Kapitel 2: Das Ziel der Chilereise und Fichtes Sprachgebrauch
Dieses Kapitel beleuchtet Fichtes Motivation für die Chilereise und analysiert seinen Sprachgebrauch. Es wird deutlich, dass Fichtes Reisen nicht nur der Flucht vor der Enge und Gefangennahme in der Heimat dienen, sondern auch der Selbstfindung und der Auseinandersetzung mit dem Fremden.
Kapitel 3: Fichtes Darstellungsformen zwischen Feature, Collage und Interview
Dieses Kapitel untersucht Fichtes journalistische Darstellungsformen und stellt die Unterschiede zwischen Feature, Collage und Interview dar. Es zeigt, wie Fichte in seinen Arbeiten verschiedene Formate und Stilmittel einsetzt, um seine Eindrücke und Erkenntnisse zu vermitteln.

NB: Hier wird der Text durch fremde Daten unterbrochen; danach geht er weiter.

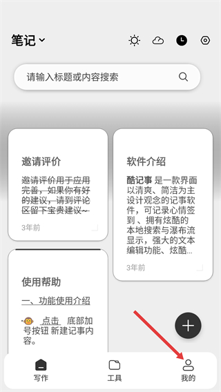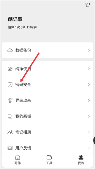 2、在酷記事主界面,點(diǎn)擊底部導(dǎo)航欄的【我的】選項(xiàng),進(jìn)入包含密碼安全等功能的個(gè)人中心頁(yè)面。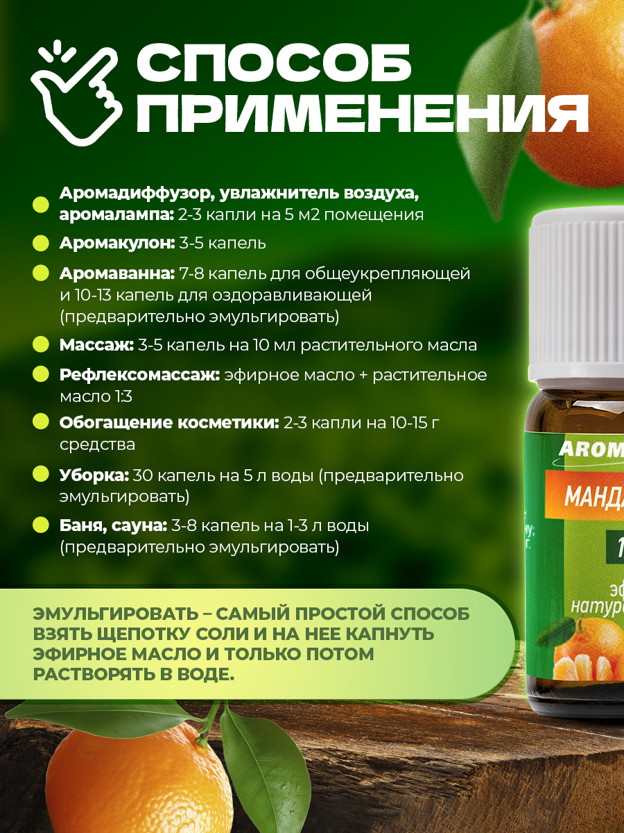 Массаж и растирания. В растительном косметическом масле, креме размешать эфирное масло (на 10 мл 3-5 капель), нанести на кожу, после чего проводить массаж в соответствие с состоянием организма.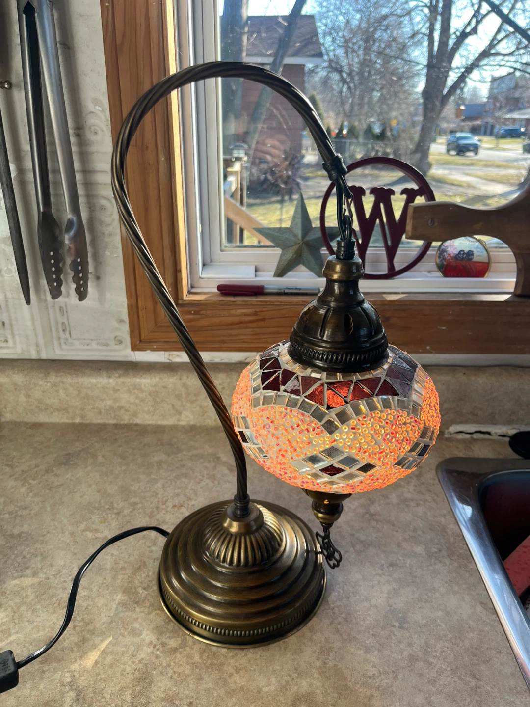 This is a decorative mosaic table lamp. It features a metal base and a glass shade with colourful mosaic tiles.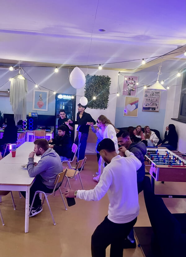 Im Café Mint selbst haben wir mit Lichterketten, bunten Strahlern und Schwarzlicht eine besondere Stimmung geschaffen. Auf der Mint Stage unten wurde mit leuchtenden Tischtennisbällen gespielt.  Im Café Mint wurde wild und außegelassen getanzt.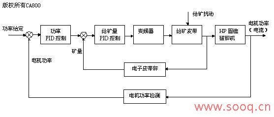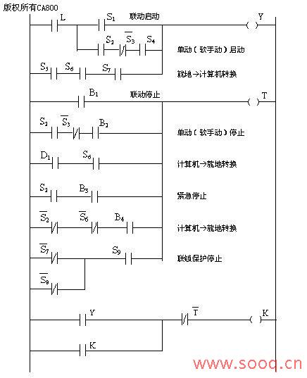 | 摘 要:本文设计了一套基于PLC的监控系统,应用于金矿碎矿生产线控制系统改造。系统由性价比高的PLC,工控机和组态软件构成。通过PLC编程,实现了对生产设备的全面自动控制、联锁保护、运行状态监测等功能;运用组态软件,设计了具有良好的人/过程接口能力的监控画面,实现了过程信息的集中显示和处理。实际运行表明,该系统功能设计合理,运行可靠,显著提高了生产效率。 关键词:金矿;设备改造;监控系统;PLC;组态软件 1 引言 近年我国不少矿山企业为了实现高效、节能、环保等各方面日益增长的要求,积极进行设备的更新改造。某金矿在碎矿生产环节引进了Nordberg HP圆锥破碎机,以进一步优化生产指标和提高效率。但是该矿原先采用的碎矿生产控制系统是以人工操作为主的常规继电器控制方式,自动化水平低,对生产过程的各种信息缺乏有效的监控手段,不能及时响应各种情况,加上电气设备老化,故障率高,维护频繁,严重制约了新装备生产效率的发挥。因此,需要对原有控制系统一并进行改造。可编程控制器(PLC)作为一种先进的工业自动控制装置,具有功能强大、编程灵活、调试使用方便,且性价比高等众多优点,特别是它适应各种工业环境的能力和高可靠性,使它得到广泛的应用。因此在本改造项目中,决定采用PLC来改造并扩展原有控制系统的功能,并且运用组态软件,设计生动直观、功能丰富的监控流程画面,实现生产过程信息的集中显示和处理。 2 工艺与控制要求 某金矿碎矿工艺为三段一闭路流程:原矿首先从原矿仓通过重型板式给矿机送入鄂式破碎机进行粗碎,然后由1# 皮带给入标准圆锥破碎机进行中碎,再经2# 皮带给入振动筛,筛上产品经3# 皮带返回短头圆锥破碎机进行细碎,细碎产品汇入2# 皮带,与振动筛构成闭路;筛下合格产品由4# 皮带送至粉矿仓。在控制上主要是对破碎、筛分及输送设备的起/停控制、联锁控制及保护,以及对设备运行状态和关键参数的监测记录,包括:①重板给矿机、鄂式破碎机、2台圆锥破碎机、振动筛及4台皮带设备的电机起停控制、电机过载(热继电器状态)的监测及自动联锁;②2个圆锥破碎机稀油站、自动除铁装置、及3台除尘风机起停控制和工作状态监测;③粉矿仓超声波料位计的信号监测;④控制室与现场各车间联络的声光警示信号。 本次改造还增加了以下项目:⑤鄂式破碎机、2台圆锥破碎机和轴瓦温度监测;⑥2台圆锥破碎机的电机工作负荷电流监测,以实现恒定负荷控制;⑦1#和3#皮带安装电子皮带秤和变频器,以实现给矿量控制;⑧控制室原有集中操作台和设备就地开关保留,和PLC控制系统通过转换开关进行工作方式切换。 3 系统硬件配置 根据前述控制要求,在充分考虑了系统的可靠性、稳定性、通用性基础上,确定本监控系统采用集中式的控制结构,分为3级:过程监控站、PLC控制器和现场电气驱动和信号检测。PLC控制器选用西门子SIMATIC S7-300,该型PLC技术成熟可靠,应用广泛,具有功能强、速度快、模块化等特点,具体配置为:CPU314,带有MPI接口,配64k EPROM存储卡做程序掉电保护;16通道DI模块SM321,5个;16通道DO模块SM322,3个;8通道AI模块SM331,2个;4通道AO模块SM332,1个;考虑系统的总点数和今后扩展的需要,配置了1个扩展机架,主机架和扩展机架之间通过通信模块IM360和IM361通信。监控站采用研华工控机,运行澳大利亚的CitectSCADA过程监控组态软件。S7-300和监控站计算机的通信采用MPI接口,在上位机中安装CP5613通讯卡,通过MPI电缆进行连接。 4 PLC控制功能设计 PLC程序是实现整个系统功能的核心,设计内容较多,下面主要介绍生产设备的起停联锁逻辑控制和破碎机恒定负荷控制。 4.1设备起停联锁逻辑控制 碎矿设备控制具有以下特点:逆流程起动,即先起动4 # 皮带机,最后起动重板给矿机;顺流程停机,即先停重板给矿机,最后停4 # 皮带机,并根据皮带速度、长度加以延时间隔,以免发生堆料的现象。为保护设备及人员安全,还需要满足较为复杂的联锁关系:①当皮带机、振动筛、圆锥破碎机、颚式破碎机中任一设备发生非正常停车或严重故障时,立即停止上游设备的运行,下游设备保持原工作状态不变;当重板给矿机、除尘器和除铁装置等辅助设备发生故障跳闸时,只向主控室发出故障信号,而不中断系统的运行;②重要设备如圆锥破碎机等受到监测的轴瓦温度、电机负荷电流和稀油站工作参数信号也参与联锁,在信号超限时自动停机,以防止设备受损;③根据皮带机系统的故障性质,进行紧急停机、顺序停机或发出声光报警;④在监控站画面上及操作台都设有“紧急停止”按钮,当出现重大险情和故障时,操作“紧急停止”按钮能立即停止全线设备。 系统从安全可靠、灵活高效的原则出发,设置3种控制方式:①计算机控制方式,正常生产时使用,操作员在监控站画面实现设备联动或单动;②操作台控制,是保留系统原来的操作方式,作为监控站失效时的备用;③就地控制,可以用机旁电气开关实现设备的起/停,满足设备检修、试车、紧急事故处理的需要;在PLC柜上设有转换开关和转换预置按钮,可在3种控制方式间进行任意转换。 通过对上述控制功能和PLC各个输入输出信号的仔细分析,确定出单台设备的控制逻辑,利用西门子STEP7编程软件编写出梯形图(LAD)程序,见图1。其中,K为控制设备起/停的PLC输出信号,Y为启动逻辑信号,T为停止逻辑信号,由以

Kapitel 4: Santiago Chile – Ein Radiofeature von Hubert Fichte
Hier wird Fichtes Radiofeature "Santiago Chile" analysiert. Das Kapitel untersucht die Struktur des Features, die Sprache und den Stil sowie Fichtes Eindrücke von Chile.
Kapitel 5: Allende und die Situation der Gefangenen – Zwei Interviews von Fichte
Dieses Kapitel analysiert Fichtes Interviews mit Salvador Allende und Carlos Jorquera. Es untersucht die Interviewsituation, den Inhalt der Gespräche sowie Fichtes Fragestellungen und Interpretationen.
Schlüsselwörter
Die Arbeit beschäftigt sich mit den Themenfeldern Journalismus, Literatur, Sprache, Identität, Reisen und Fremdheit. Zentral sind dabei die Arbeiten Hubert Fichtes, insbesondere seine Chilereise, das Radiofeature "Santiago Chile" und das Interview mit Carlos Jorquera. Weitere wichtige Begriffe sind: Interview, Feature, Collage, politische Situation in Chile, Salvador Allende.